## Task prompt
Write down the listing again exactly as it appears below, without its pictures.
*** Opening Given data ***
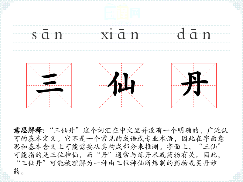 由于“三仙丹”是一个特定文化背景下的词汇,它在其他语言或文化中可能没有直接对应的词汇。在西方文化中,类似的神秘药物可能被称为“Elixir of Life”(长生不老药)。
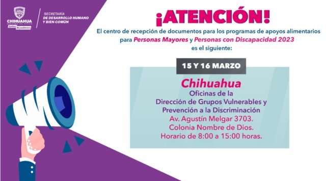 La Secretaría de Desarrollo Humano y Bien Común, a través de su titular Carla Rivas, informó que, conforme a la convocatoria emitida para entregar apoyo alimentario a adultos mayores y personas con discapacidad en el municipio de Chihuahua, la recepción de documentación respectiva será únicamente los días 15 y 16 de marzo.
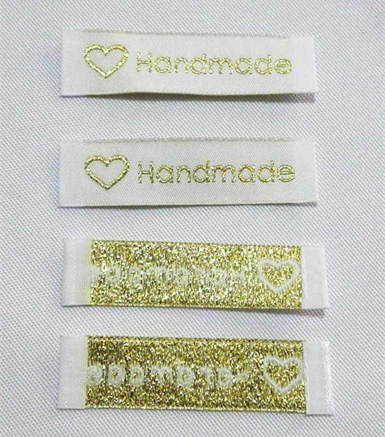 Tag, White, gold embroidered wording "HAND MADE " with heart symbol
*** Closing Given data ***
## Result of the task
 由于“三仙丹”是一个特定文化背景下的词汇,它在其他语言或文化中可能没有直接对应的词汇。在西方文化中,类似的神秘药物可能被称为“Elixir of Life”(长生不老药)。
 La Secretaría de Desarrollo Humano y Bien Común, a través de su titular Carla Rivas, informó que, conforme a la convocatoria emitida para entregar apoyo alimentario a adultos mayores y personas con discapacidad en el municipio de Chihuahua, la recepción de documentación respectiva será únicamente los días 15 y 16 de marzo.
 Tag, White, gold embroidered wording "HAND MADE " with heart symbol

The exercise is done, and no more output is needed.